# Can you help me get started on this proof?

• Sep 15th 2010, 11:02 PM
Lprdgecko
Can you help me get started on this proof?
I'm having trouble on where to begin with this proof. I'm pretty sure it is a valid argument, since I tried to come up with a counter-example but couldn't. I will use the symbol ~ to stand for "not", since I don't know how to make the "not" symbol online.

Directions: Derive ~Z -> ~Y

(1) ~X -> Y
(2) ~X -> Z
-------------------
(3) ~Z -> ~(~X).......... (1) Contrapositive

I think I should start with the contrapositive, but I have no clue where to go from here. Any help would be appreciated :)
• Sep 15th 2010, 11:49 PM
MathoMan
if ~Z->~(~X) and ~X->Y then ~Z->~Y. Errr... right? Guys?
• Sep 16th 2010, 01:34 AM
PiperAlpha167
Quote:

Originally Posted by Lprdgecko
I'm having trouble on where to begin with this proof. I'm pretty sure it is a valid argument, since I tried to come up with a counter-example but couldn't. I will use the symbol ~ to stand for "not", since I don't know how to make the "not" symbol online.

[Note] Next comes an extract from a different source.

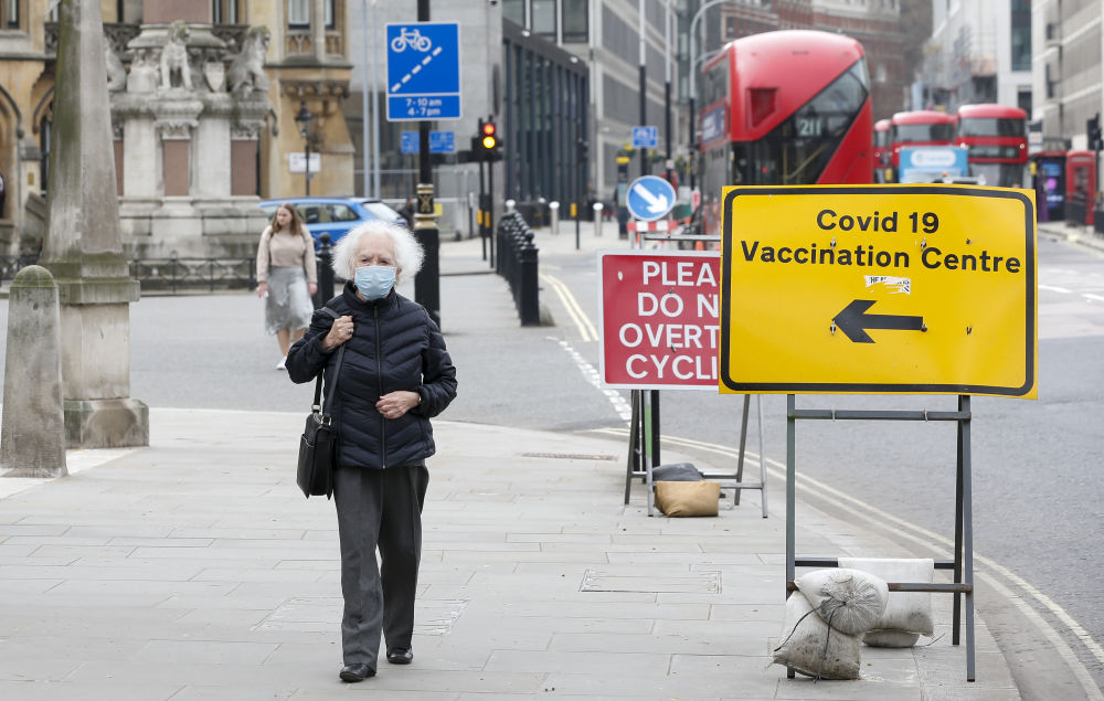 3月31日,一名戴口罩的女子走过英国伦敦一家新冠疫苗接种中心外的标识牌。新华社记者韩岩摄

Directions: Derive ~Z -> ~Y

(1) ~X -> Y
(2) ~X -> Z
-------------------
(3) ~Z -> ~(~X).......... (1) Contrapositive

I think I should start with the contrapositive, but I have no clue where to go from here. Any help would be appreciated :)

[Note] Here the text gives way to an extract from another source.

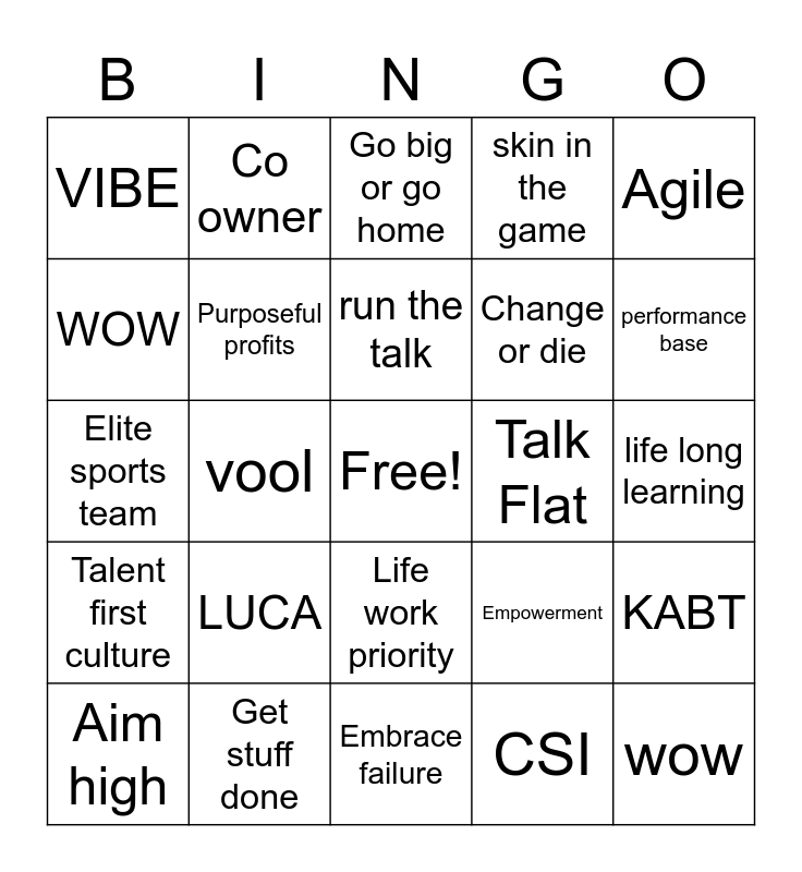 This bingo card has a free space and 24 words: LUCA, Get stuff done, run the talk, Aim high, Agile, VIBE, WOW, Co owner, Talk Flat, Life work priority, Change or die, Elite sports team, Empowerment, KABT, Purposeful profits, CSI, life long learning, Go big or go home, performance base, vool, wow, Talent first culture, skin in the game and Embrace failure.

It's not a valid argument.

Consider the valuation v, where v(Z) = false, and v(Y) = v(X) = true.

Under v, both premisses are true, and the conclusion is false.
• Sep 16th 2010, 06:13 AM
Lprdgecko
Quote:

Originally Posted by PiperAlpha167
It's not a valid argument.

Consider the valuation v, where v(Z) = false, and v(Y) = v(X) = true.

Under v, both premisses are true, and the conclusion is false.

Thanks! I could've sworn I tried that counter-example, but I guess not.